Book study
Titus
A field letter to a trusted delegate. Paul has left Titus on Crete to finish organizing new churches — appoint qualified elders town by town, and silence the disruptive teachers already at work. But the letter's real burden is larger than church order: it welds sound doctrine to good works. Grace, Paul argues, is not merely pardon; it is a teacher that trains a redeemed people to renounce ungodliness and live self-controlled, upright, godly lives while they wait for Christ's appearing.
Themes
- Sound doctrine produces good works — The letter's spine: healthy teaching is known by the life it grows. 'Good works' recurs as a refrain (1:16; 2:7, 14; 3:1, 8, 14) — doctrine that leaves conduct unchanged is exposed as false.
- Qualified, appointed leadership — New churches need blameless elders whose own households and character back their teaching, precisely because unqualified talkers are already overturning whole families (1:5–9 vs. 1:10–11).
- Grace that trains — The two great salvation statements (2:11–14; 3:4–7) ground every command. Grace 'appeared' and now 'instructs' — it is not license but a curriculum in godliness, framed between Christ's first and second appearing.
- Confronting the false teachers — Cretan character and the 'circumcision' party are named bluntly: mouths to be stopped, minds defiled. Titus is to reprove sharply so the church stays sound.
- A people for his own possession — Redemption's aim is corporate and purposive — Christ gave himself to create a purified people 'zealous for good works,' remade by the washing of regeneration.
Outline
- 1. Order the church, silence the rebels — Appoint blameless elders in every city; the false teachers of Crete must be stopped.

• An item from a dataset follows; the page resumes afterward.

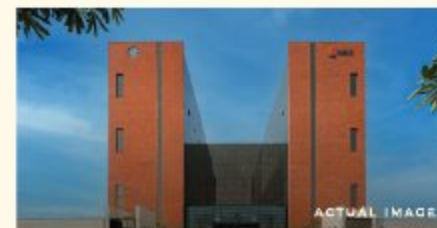
Max Square, Noida Completed in 2023

- 2. Teach what fits sound doctrine — Each household group learns the conduct that matches the gospel — because grace itself trains us while we await Christ.
- 3. Live it out in the world — Be good citizens and gentle to all, remembering the mercy that saved us; do good, avoid futile controversy, and see to real needs.
Chapters
- Titus 1 — Paul states his commission (an apostle for the sake of God's people, their faith, and the godliness truth produces), then gives Titus his: finish organizing Crete's churches by appointing blameless elders (vv. 5–9). The urgency is the mirror image — rebellious talkers are already overturning households for gain, so the qualified must be installed and the unqualified silenced (vv. 10–16).
- Titus 2 — Against the empty talkers of chapter 1, Titus is to teach 'what fits sound doctrine' — and Paul spells it out group by group (older men, older women, young women, young men, Titus himself, slaves), each learning the conduct that adorns the gospel (vv. 1–10). Then he gives the reason under every command: grace has appeared, and grace trains a redeemed people to renounce ungodliness and live self-controlled lives while awaiting Christ's appearing (vv. 11–15).
- Titus 3 — The gospel's conduct now turns outward: be good citizens and gentle toward everyone (vv. 1–2) — grounded in the memory that we too were once foolish and enslaved, until God's kindness and mercy saved us through the washing of regeneration, making us heirs of eternal life (vv. 3–7). On that basis Paul urges Titus to insist on good works, avoid futile controversies and divisive people, attend to real needs, and closes with travel plans and greetings (vv. 8–15).